Quelles sont les autres banques en faillite aux États-Unis ?
En outre, l'incertitude s'est accrue quant à la contagion de cette situation à d'autres banques régionales. En conséquence, deux autres institutions bancaires, la Signature y First Republican Bank a été contrôlée par la Federal Deposit Insurance Corporation des États-Unis. Cela a suscité de nouvelles craintes parmi les clients et les investisseurs. C'est ainsi qu'en le cas de la banque Signature, Les autorités de régulation de l'État de New York vont fermer la banque après avoir averti que la stabilité du système financier pourrait être affectée si la banque restait ouverte, créant ainsi la troisième faillite la plus représentative de l'histoire financière des États-Unis.
D'autre part, le First Republican Bank a pu se remettre à flot après que 11 institutions financières ont décidé de prendre une mesure de sauvetage, en injectant jusqu'à $30 milliards d'euros de liquidités. Ce qui, dans un premier temps, n'a pas permis d'enrayer la chute de 26% du cours de l'action en Wall Street. En plus d'entraîner avec elle les autres grandes banques qui ont financé son sauvetage.
Pourquoi les banques font-elles faillite aux États-Unis ?
Le principal problème de ces banques est qu'elles ont un portefeuille de clients disposant de beaucoup d'argent. Cela signifie que ces déposants sont susceptibles de faire faillite, en raison de tous les risques d'investissement auxquels ils sont confrontés quotidiennement.
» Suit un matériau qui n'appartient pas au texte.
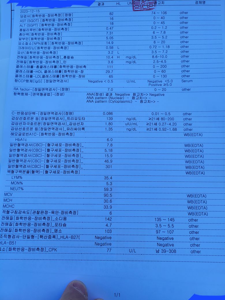 피검사 기록지를받앗는데요 결과가 머가먼지설명들어도모르겟네요

Patricia McCoy, professeur de droit au Boston College, dit que “cette base de déposants particulièrement volatile représente un risque pour les investisseurs”.
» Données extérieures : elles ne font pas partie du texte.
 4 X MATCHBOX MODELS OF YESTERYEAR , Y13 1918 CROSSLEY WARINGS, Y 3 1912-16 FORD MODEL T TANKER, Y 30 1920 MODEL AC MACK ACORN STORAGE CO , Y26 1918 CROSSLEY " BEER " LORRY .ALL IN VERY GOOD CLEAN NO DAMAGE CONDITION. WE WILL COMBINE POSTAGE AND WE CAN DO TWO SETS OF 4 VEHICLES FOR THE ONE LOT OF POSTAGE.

Dans le cas d'autres banques telles que JPMorgan Chase, En outre, elles ont diversifié leur portefeuille de clients pour y inclure ce que l'on appelle des “dépôts collants”. Il s'agit de personnes ordinaires qui possèdent moins de $250.000 dans la banque, qui est assurée par la Federal Deposit Insurance Corporation. C'est pourquoi au moins deux tiers des dépôts de ces banques en faillite sont comptés comme non assurés, en plus d'avoir un ratio prêt/dépôt inhabituel, avec pour résultat qu'elles ont prêté plus d'argent qu'elles n'en ont reçu en paiements et en dépôts.
Déclarations de la Maison Blanche
Le président américain Joe Biden a précisé que le système financier du pays n'est pas en danger, et que même si l'effet domino ne semble pas être contenu, comme c'est le cas pour la banque Porte d'argent et même d'autres institutions internationales. Le président a déclaré que “les Américains peuvent être certains que le système bancaire est sûr, et les petites entreprises qui ont des comptes de dépôt dans ces banques peuvent respirer tranquillement en sachant qu'elles seront en mesure de payer leurs employés et leurs factures”.
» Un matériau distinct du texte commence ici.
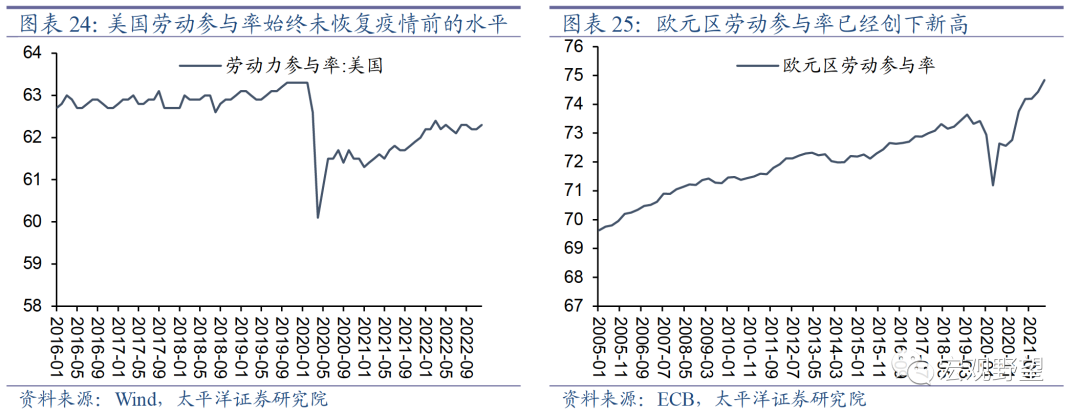 总结各国疫情防控政策放开后人员流动恢复情况的经验,我们认为疫情期间过量的财政补贴和后疫情时代持续较为严格的防控政策可能是阻碍居民外出工作及日常出行的主要原因,除此之外的其它国家的人员流动恢复状况普遍较好。中国在疫情期间没有推出非常强力的政策刺激,而且目前疫情防控政策已经近乎全面放开。所以我们认为在疫情的第一波冲击过后,中国境内及跨境的人员流动也将出现较好的恢复。相应的,此前一直被压抑的总需求也会随着人员流动的恢复而改善。我们再来从供给端的角度观察疫情后各国劳动参与率的情况:首先,从国家间对比来看,我们认为中国不易出现劳动力的长期短缺。疫情三年,至今为止,只有美英等少数国家出现了劳动参与率的持续下降,这主要是由于其大量的财政补贴降低了居民外出工作的意愿。而没有进行直接财政补贴、而是更加鼓励就业的欧元区的劳动参与率早已创下历史新高。这反映出美英等国居民疫情后持续的劳动意愿的下降并非普遍现象。

Récemment, le gouvernement a passé un contrat avec l'entreprise BlackRock Inc. dont la mission est de gérer la vente de $114 milliards d'euros d'instruments financiers des banques en faillite. Signature y Silicon Valley. Cette mesure profitera aux clients concernés, car d'autres entreprises reprendront leurs comptes, afin de minimiser les effets négatifs sur le fonctionnement du marché.
De plus, ces instruments et titres des banques en faillite sont adossés à des hypothèques d'agence et à d'autres obligations hypothécaires qui garantissent le flux de revenus vers les institutions bancaires. L'histoire s'est donc répétée après la crise financière de 2008, lorsque la Réserve fédérale et le département du Trésor ont attribué des contrats à des agences de crédit immobilier. BlackRock pour la gestion des dettes résidentielles et des titres.